EXERCISE BRIEF
Take the lines below from the one with "Spectrum PP je" through the one with "Dior’s Gray Lambskin" and retype them exactly. Include nothing else, and no pictures.

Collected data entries
------
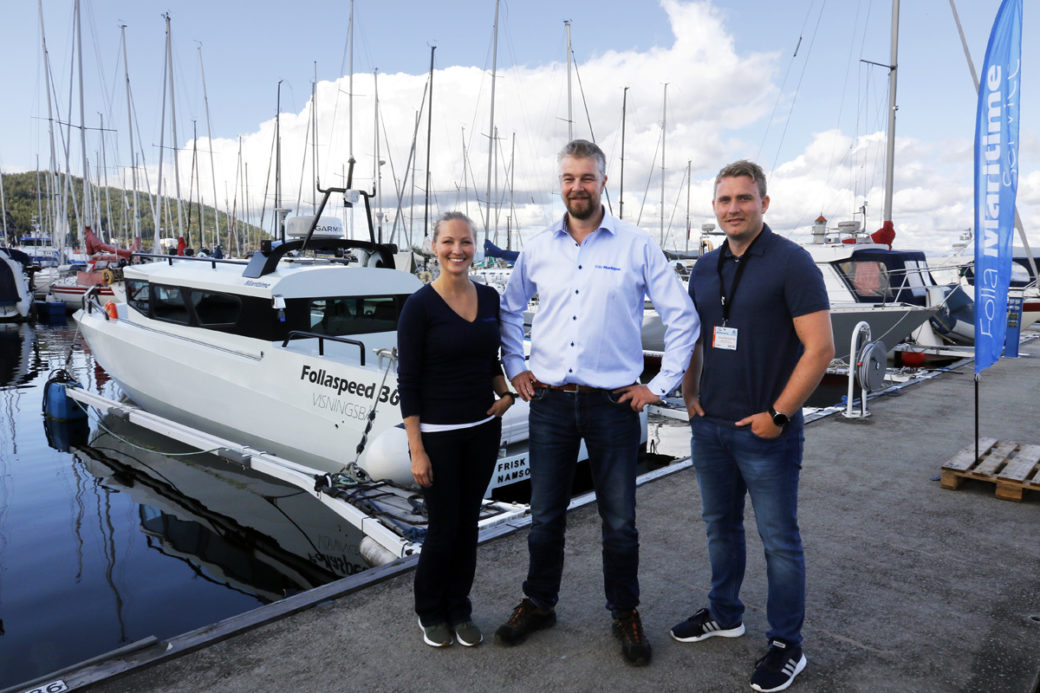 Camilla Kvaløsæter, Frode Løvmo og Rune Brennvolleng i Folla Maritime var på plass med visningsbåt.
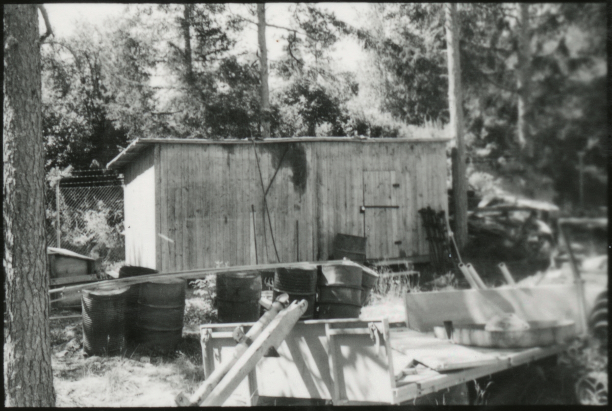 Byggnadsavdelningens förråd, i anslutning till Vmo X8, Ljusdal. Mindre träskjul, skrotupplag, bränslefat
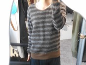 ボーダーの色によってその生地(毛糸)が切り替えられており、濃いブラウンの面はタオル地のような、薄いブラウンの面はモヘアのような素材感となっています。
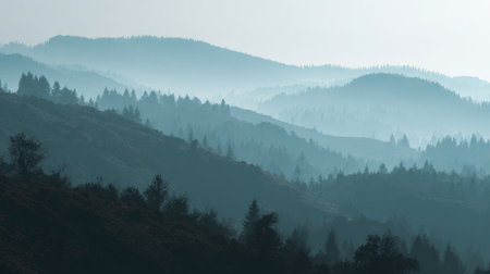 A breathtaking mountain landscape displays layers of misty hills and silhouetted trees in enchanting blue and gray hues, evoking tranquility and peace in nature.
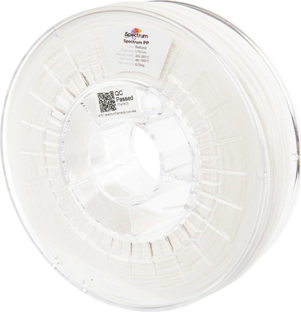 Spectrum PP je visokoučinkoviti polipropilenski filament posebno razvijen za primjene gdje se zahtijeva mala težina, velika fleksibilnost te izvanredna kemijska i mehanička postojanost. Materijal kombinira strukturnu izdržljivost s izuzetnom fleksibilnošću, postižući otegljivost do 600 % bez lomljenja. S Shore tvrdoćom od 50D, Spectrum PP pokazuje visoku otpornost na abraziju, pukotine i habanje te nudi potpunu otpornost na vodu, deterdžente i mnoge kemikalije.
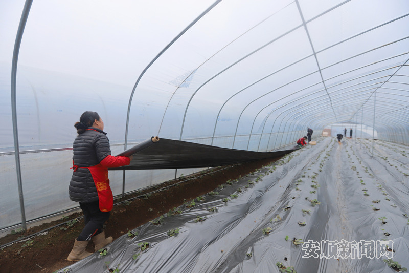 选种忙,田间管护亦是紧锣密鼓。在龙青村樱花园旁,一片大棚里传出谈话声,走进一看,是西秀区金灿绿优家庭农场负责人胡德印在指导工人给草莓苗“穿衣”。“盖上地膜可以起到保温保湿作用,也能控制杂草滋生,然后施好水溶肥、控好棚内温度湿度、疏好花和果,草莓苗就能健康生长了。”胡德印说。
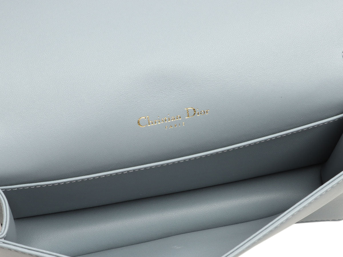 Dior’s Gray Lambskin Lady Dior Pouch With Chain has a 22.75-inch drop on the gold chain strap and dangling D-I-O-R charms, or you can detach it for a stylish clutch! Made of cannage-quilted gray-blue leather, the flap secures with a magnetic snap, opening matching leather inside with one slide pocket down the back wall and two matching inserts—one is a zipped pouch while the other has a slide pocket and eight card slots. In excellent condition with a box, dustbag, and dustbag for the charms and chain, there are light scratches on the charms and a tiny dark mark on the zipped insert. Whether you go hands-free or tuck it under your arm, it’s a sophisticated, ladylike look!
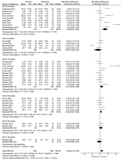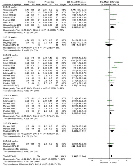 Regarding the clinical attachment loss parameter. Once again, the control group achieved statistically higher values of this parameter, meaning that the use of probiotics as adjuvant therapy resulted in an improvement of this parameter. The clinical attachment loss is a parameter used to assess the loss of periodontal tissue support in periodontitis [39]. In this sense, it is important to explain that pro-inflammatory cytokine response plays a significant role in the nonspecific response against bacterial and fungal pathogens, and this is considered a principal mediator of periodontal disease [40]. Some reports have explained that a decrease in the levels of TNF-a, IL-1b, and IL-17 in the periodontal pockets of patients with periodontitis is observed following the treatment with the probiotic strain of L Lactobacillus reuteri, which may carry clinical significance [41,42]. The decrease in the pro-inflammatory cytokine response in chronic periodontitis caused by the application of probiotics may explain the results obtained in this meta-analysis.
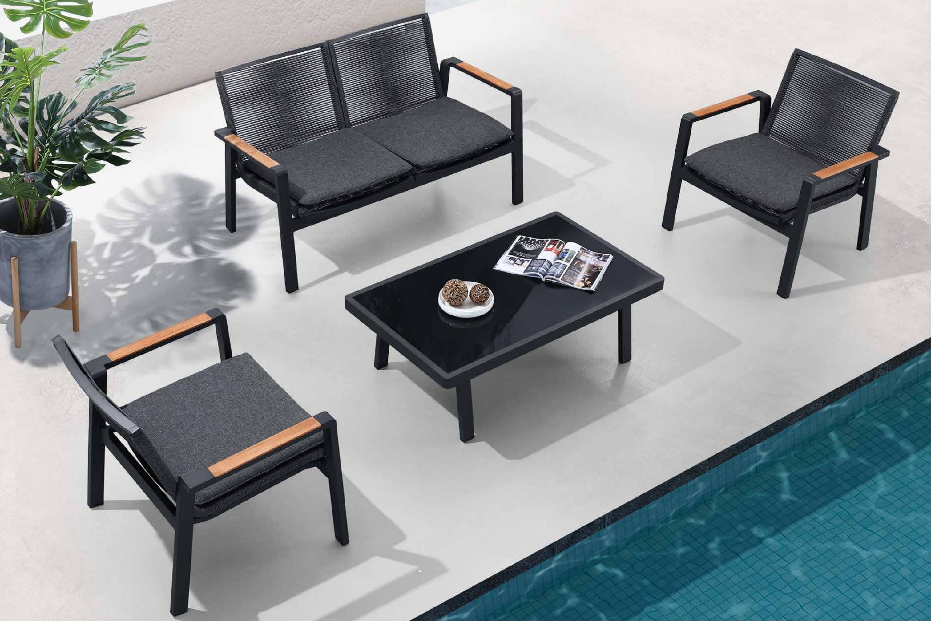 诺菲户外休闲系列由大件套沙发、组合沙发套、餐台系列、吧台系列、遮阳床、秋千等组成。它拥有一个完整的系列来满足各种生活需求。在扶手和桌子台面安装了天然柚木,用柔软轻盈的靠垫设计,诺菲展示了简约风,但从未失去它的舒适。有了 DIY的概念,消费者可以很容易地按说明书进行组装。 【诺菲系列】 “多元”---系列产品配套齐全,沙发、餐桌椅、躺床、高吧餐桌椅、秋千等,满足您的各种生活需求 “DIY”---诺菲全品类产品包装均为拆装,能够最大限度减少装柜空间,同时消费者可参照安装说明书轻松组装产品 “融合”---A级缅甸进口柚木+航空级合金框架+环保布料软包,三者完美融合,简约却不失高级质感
------
OUTPUT FOR THIS EXERCISE
 Spectrum PP je visokoučinkoviti polipropilenski filament posebno razvijen za primjene gdje se zahtijeva mala težina, velika fleksibilnost te izvanredna kemijska i mehanička postojanost. Materijal kombinira strukturnu izdržljivost s izuzetnom fleksibilnošću, postižući otegljivost do 600 % bez lomljenja. S Shore tvrdoćom od 50D, Spectrum PP pokazuje visoku otpornost na abraziju, pukotine i habanje te nudi potpunu otpornost na vodu, deterdžente i mnoge kemikalije.
 选种忙,田间管护亦是紧锣密鼓。在龙青村樱花园旁,一片大棚里传出谈话声,走进一看,是西秀区金灿绿优家庭农场负责人胡德印在指导工人给草莓苗“穿衣”。“盖上地膜可以起到保温保湿作用,也能控制杂草滋生,然后施好水溶肥、控好棚内温度湿度、疏好花和果,草莓苗就能健康生长了。”胡德印说。
 Dior’s Gray Lambskin Lady Dior Pouch With Chain has a 22.75-inch drop on the gold chain strap and dangling D-I-O-R charms, or you can detach it for a stylish clutch! Made of cannage-quilted gray-blue leather, the flap secures with a magnetic snap, opening matching leather inside with one slide pocket down the back wall and two matching inserts—one is a zipped pouch while the other has a slide pocket and eight card slots. In excellent condition with a box, dustbag, and dustbag for the charms and chain, there are light scratches on the charms and a tiny dark mark on the zipped insert. Whether you go hands-free or tuck it under your arm, it’s a sophisticated, ladylike look!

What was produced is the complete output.